By Our Representative
The National Campaign for Peoples’ Right to Information (NCPRI), India’s apex body of right to information (RTI) NGOs in India, has taken strong exception to failure of the Government of India to appoint a new chief information commissioner (CIC) in the Central Information Commission of India, ostensibly because of the deadlock over leader of opposition in the Lok Sabha. Saying that this may be a requirement to appoint CIC, the NCPRI in an open letter has reminded Prime Minister Narendra Modi that the RTI Act gives clear-cut explanation on this, and there is no ambiguity about it.
In a signed letter to Modi, co-conveners of the NCPRI Anjali Bhardwaj, Nikhil Dey, Venkatesh Nayak, Bhaskar Prabhu and Rakesh Dubbudu said that this is for the first time that the top post of the CIC is lying vacant: “The post of the CIC in the Central Information Commission of India has been lying vacant since August 22, 2014. It is the first time since the Central Information Commission was constituted in 2005, that the Commission is without a CIC.”

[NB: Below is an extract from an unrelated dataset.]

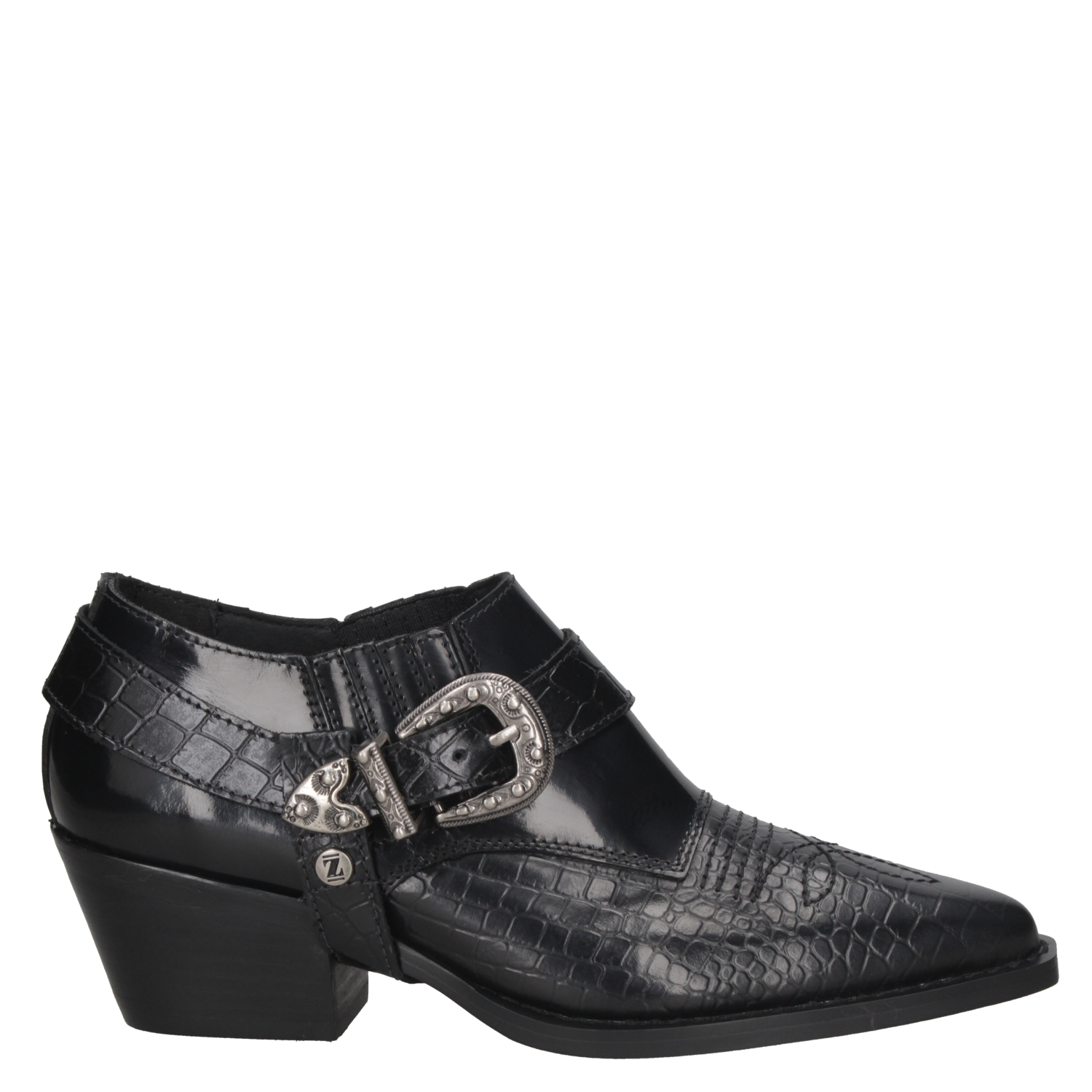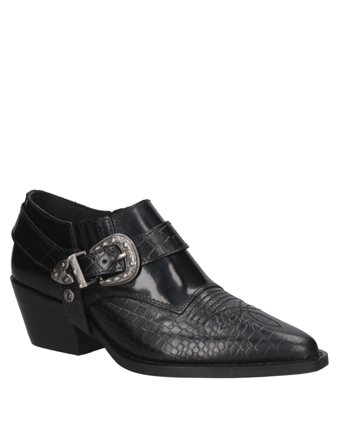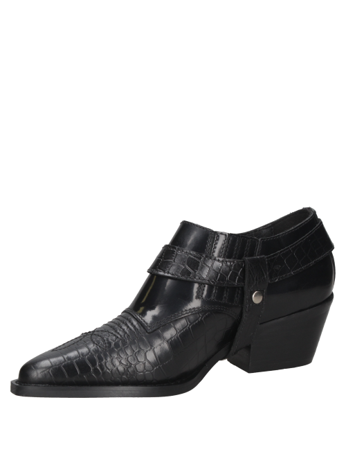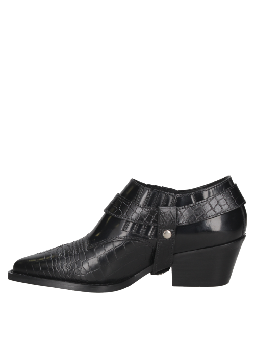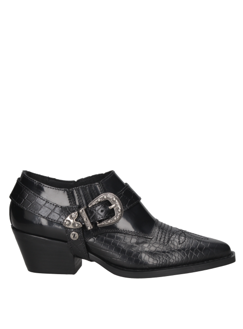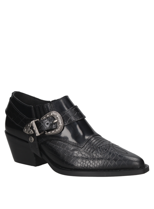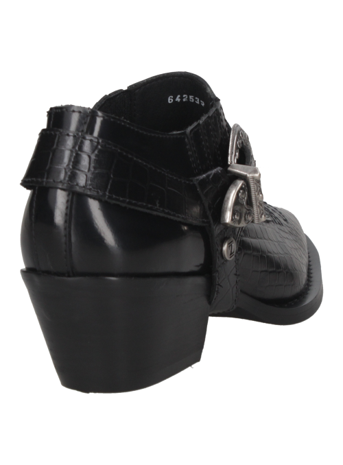 El zapato vaquero de mujer de Zappa fusiona lo elegante con un toque cowboy, destacándose en tendencias urbanas sofisticadas. Confeccionado en cuero negro y textura de reptil, su hebilla metálica plateada y taco bajo de 6.5 cm ofrecen un estilo moderno y cómodo, ideal para quienes buscan un look exótico y refinado.

The letter quotes Section 12(4) of the RTI Act, which says, “The general superintendence, direction and management of the affairs of the Central Information Commission shall vest in the Chief Information Commissioner who shall be assisted by the Information Commissioners and may exercise all such powers and do all such acts and things which may be exercised or done by the Central Information Commission autonomously without being subjected to directions by any other authority under this Act.”
The NCPRI says, “Clearly, the aforementioned section implies that the role of the Chief Information Commissioner is critical for the functioning of the Central Information Commission. The post of the Chief Information Commissioner being vacant, therefore, has the potential to adversely impact the effective functioning of the Commission.”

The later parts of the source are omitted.